A MATHEMATICAL MODEL TO STUDY THE JOINT EFFECTS OF GENETICS AND DIET ON OBESITY
Victoria Kelley2, Fangyuan Hong1, Kevin Molina3, Demetrius Rhodes4, Karen Rios-Soto3.
1Mount Holyoke College, South Hadley, MA, 2James Madison University, Harrisonburg, VA, 3University of Puerto Rico, Mayaguez Campus, Mayaguez, PR, 4University of South Carolina-Beaufort, Bluffton, SC.

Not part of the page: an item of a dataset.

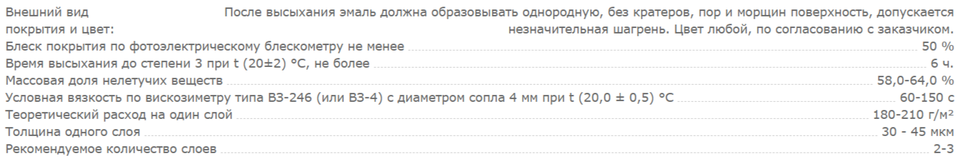 Для достижения необходимой вязкости, эмаль разбавляют вышеуказанными растворителями но не более 20 % от массы эмали.

Obesity has become one of the most pervasive epidemics facing North America today. Obesity is correlated with health threats such as diabetes and cardiovascular diseases that increase an individual’s mortality risk. Previous studies show that a particular single nucleotide polymorphism (SNP), rs9939609, in the fat mass and obesity-associated FTO gene is associated with obesity. A poor choice of diet and nutrition may lead to obesity. In this study, we build a system of non-linear ordinary differential equations that considers both genetic and environmental effects on populations with 3 distinct genotypes (AA, Aa, and aa). The autosomal dominant allele is A; therefore, individuals who have the genotypes AA and Aa express the FTO gene. Equilibria analysis and simulation results show that over a long period of time, when the birth frequency of each genotype is dependent on current allele frequencies, the proportion of populations with the dominant allele goes to 0, or the dominant allele A is outbred by the recessive gene allele. Simulation results show that having the allele A has a stronger impact on obesity than the diet environment. The effects of environmental factors on the dynamics of obesity are negligible at best. Fitness and genetic selection trumps any environmental bias. This study provides a significantly new insight into the synergic impact that genetics and diet play on obesity, which is rarely studied by traditional biological tools, such as GWAS.